Thursday, 17 October 2013

Why qualitative comparative analysis (QCA)?

To generate realistic, practice-oriented findings and recommendations, the Review needs to differentiate between a wide range of evaluation approaches, methods and contexts. The number of existing evaluations in the field of VAWG is too small for statistical analysis to yield accurate conclusions. Yet, it would not do justice to the variety of evaluation settings if we selected only few evaluations for detailed analysis, as a conventional comparative case study would do. Qualitative comparative analysis (QCA) enables us to make full use of evidence from a wide spectrum of evaluations - without jeopardizing the applicability and generalisability of our findings. QCA has been designed for “medium-N” situations, i.e. situations where there are more than a handful of cases, but too few for meaningful statistical analysis.
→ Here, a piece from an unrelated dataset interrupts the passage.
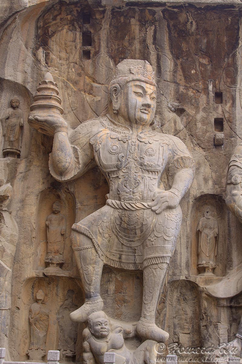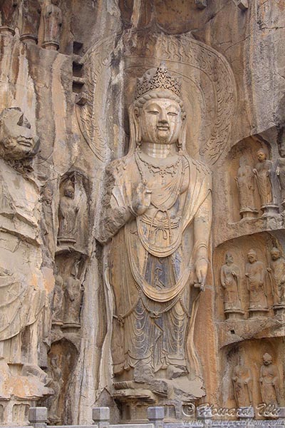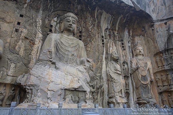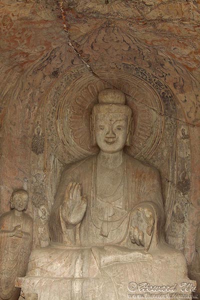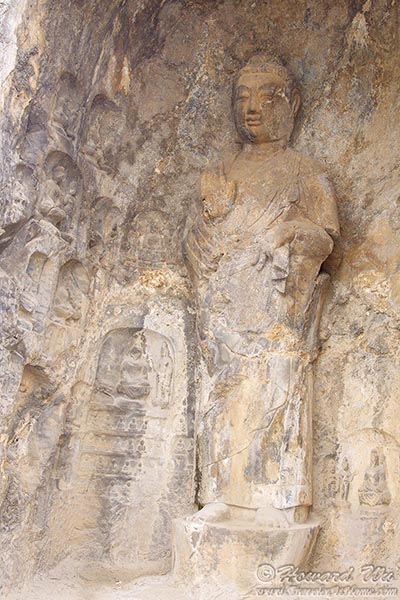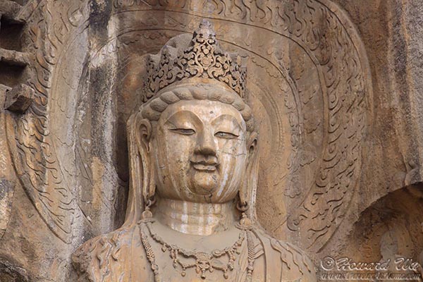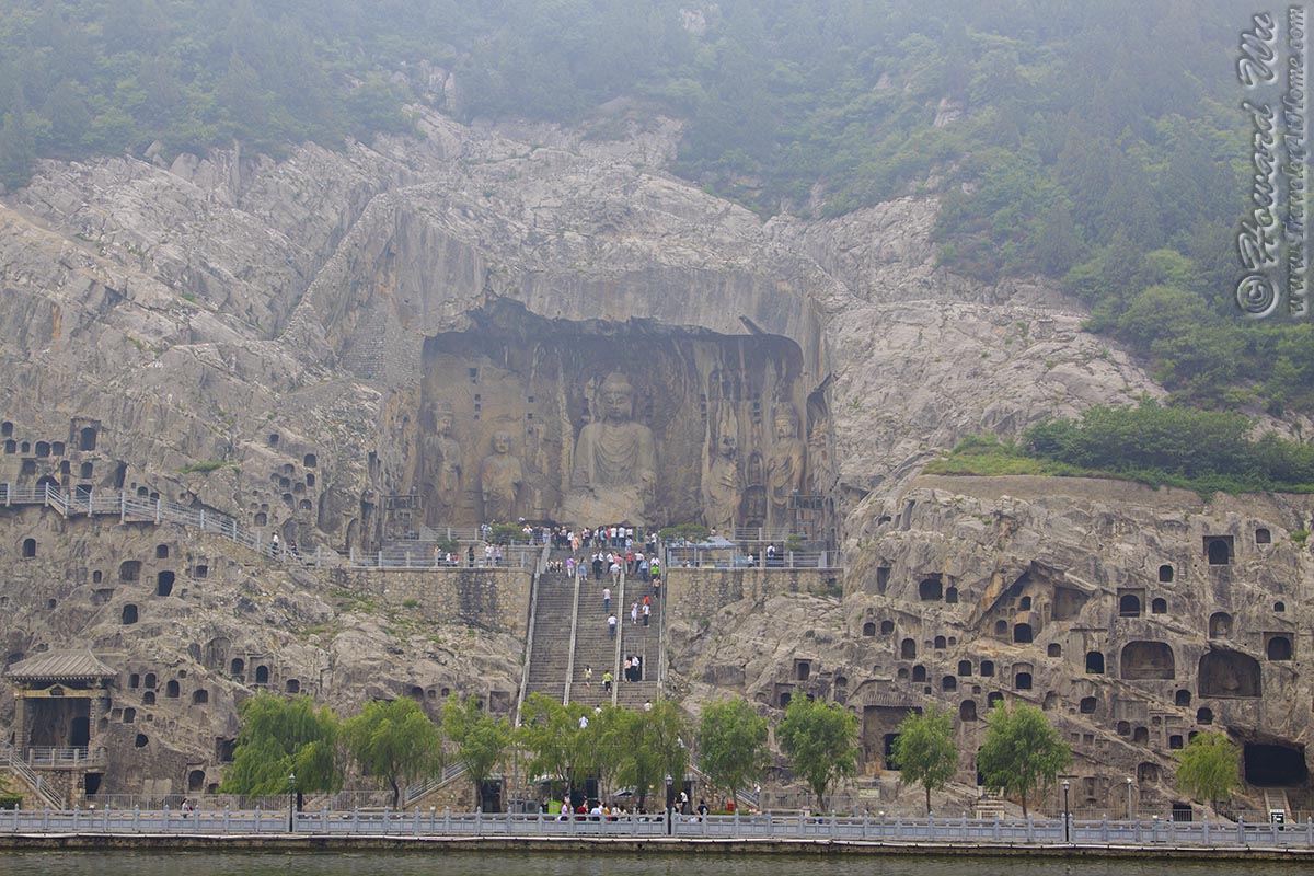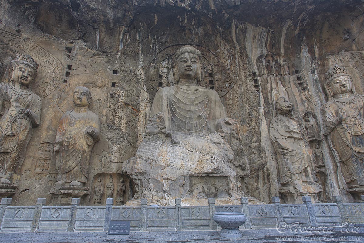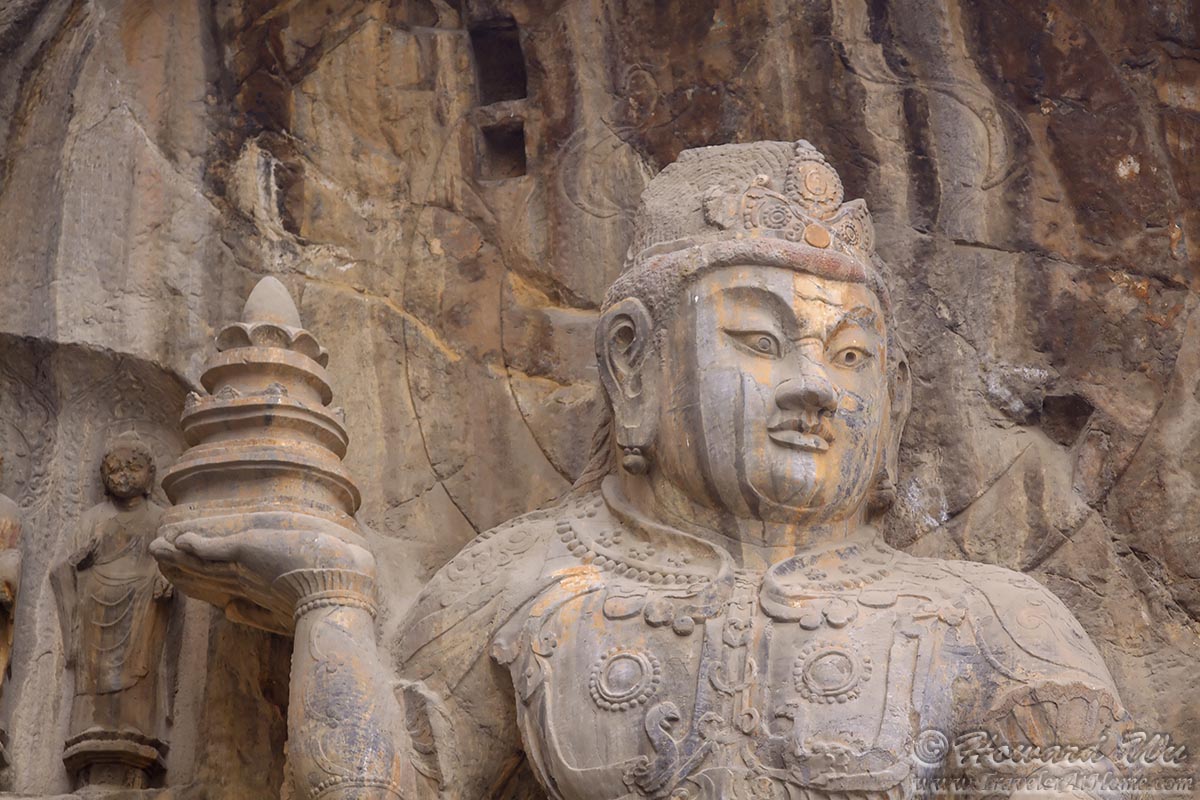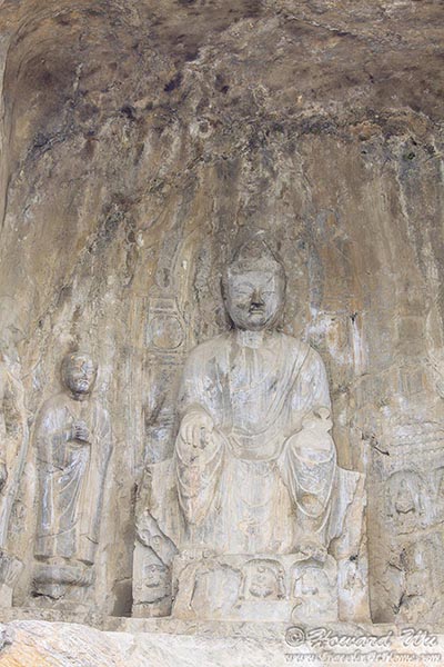 But for sure the place we wanted to see was Longmen Grottoes. There are as many as 100,000 statues in the 1,400 caves there, the largest of which is the statue of Lochana Buddha (or Lushena Buddha, or Buddhalocana, or Vairocana in various Buddhist nomenclature; Chinese: 卢舍那佛), which is 17 meter (57 feet) high and it is an amazing work of art, despite its being defaced over the years.

QCA rests on the assumption that several cause-to-effect chains coexist. It matches sets of characteristics (in our case, the characteristics of evaluations) with specific outcomes (for instance, improved results of advocacy efforts). This method helps reveal which interactions between different kinds of methodology, resources and other conditions are necessary to achieve high quality evaluations under specific sets of circumstantial factors. 

QCA is transparent and replicable: It makes it possible and necessary to explain the iterative process of categorizing and coding evaluation reports that will be included in the analysis. We will go back and forth between conceptual work (categorisations of evaluation practice) and the evidence (evaluation reports and users’ narratives on evaluation processes and outcomes). We will thereby refine the definitions of dimensions of evaluation practice, and indicators that can be used to categorise evaluations. New factors will be taken into account when they prove necessary; old differentiations between evaluation settings will be given up if they prove superfluous.

Statistical methods or “conventional” comparative case studies may include similarly iterative processes, but their movement between theoretical levels and the evidence tends to be unsystematic and implicit. This “black box” situation may lead to the omission of important explanatory factors, and makes it difficult to replicate the findings.